RECORDED DATA:

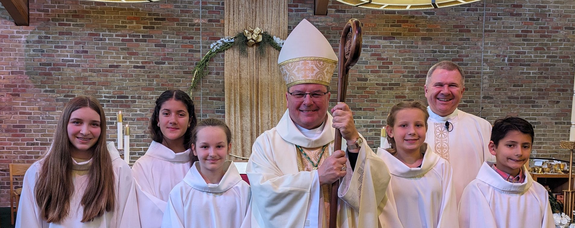 A welcoming community centered on the Eucharist and modeled after Mary, who strive to be faithful stewards of God's gifts through our commitment to worship, holiness, service, justice, and evangelization.
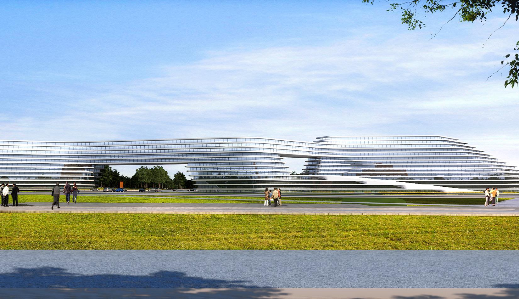 科學(xué)講堂位于中心區(qū)景觀主軸的中心腹地,其南的泄洪渠為景觀主軸的景觀帶。設(shè)計靈感源于中國天人合一的自然觀和社會觀,所謂仁者樂山智者樂水,通過對山、水肌理的分析與重構(gòu),轉(zhuǎn)換為建筑語言,形成獨(dú)具特色的建筑造型。建筑體量形成簡單、沖突的場地氛圍,建筑南向正對園區(qū)中軸線,使得水平向延展的建筑生成了“東高西低”的無邊際界面。由“水面→河岸→場地→建筑”的溪水肌理驅(qū)動建筑臨街面,逐步退后產(chǎn)生特有的河流沖刷意象。水流的蜿蜒曲折使建筑的轉(zhuǎn)彎處成洞,達(dá)到了內(nèi)外視線連續(xù)的綜合效果,并將對建筑的擠壓力平衡到建筑東西兩翼。建筑表皮通過對水的情緒變化等模擬,形成片狀的建筑造型。
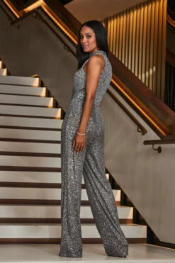Silver Sequin Halter Neck Wide Leg Jumpsuit

WHAT IS REQUIRED:
Return all of the material exactly, without pictures.

RESPONSE TO THE EXERCISE:
 A welcoming community centered on the Eucharist and modeled after Mary, who strive to be faithful stewards of God's gifts through our commitment to worship, holiness, service, justice, and evangelization.
 科學(xué)講堂位于中心區(qū)景觀主軸的中心腹地,其南的泄洪渠為景觀主軸的景觀帶。設(shè)計靈感源于中國天人合一的自然觀和社會觀,所謂仁者樂山智者樂水,通過對山、水肌理的分析與重構(gòu),轉(zhuǎn)換為建筑語言,形成獨(dú)具特色的建筑造型。建筑體量形成簡單、沖突的場地氛圍,建筑南向正對園區(qū)中軸線,使得水平向延展的建筑生成了“東高西低”的無邊際界面。由“水面→河岸→場地→建筑”的溪水肌理驅(qū)動建筑臨街面,逐步退后產(chǎn)生特有的河流沖刷意象。水流的蜿蜒曲折使建筑的轉(zhuǎn)彎處成洞,達(dá)到了內(nèi)外視線連續(xù)的綜合效果,并將對建筑的擠壓力平衡到建筑東西兩翼。建筑表皮通過對水的情緒變化等模擬,形成片狀的建筑造型。
Silver Sequin Halter Neck Wide Leg Jumpsuit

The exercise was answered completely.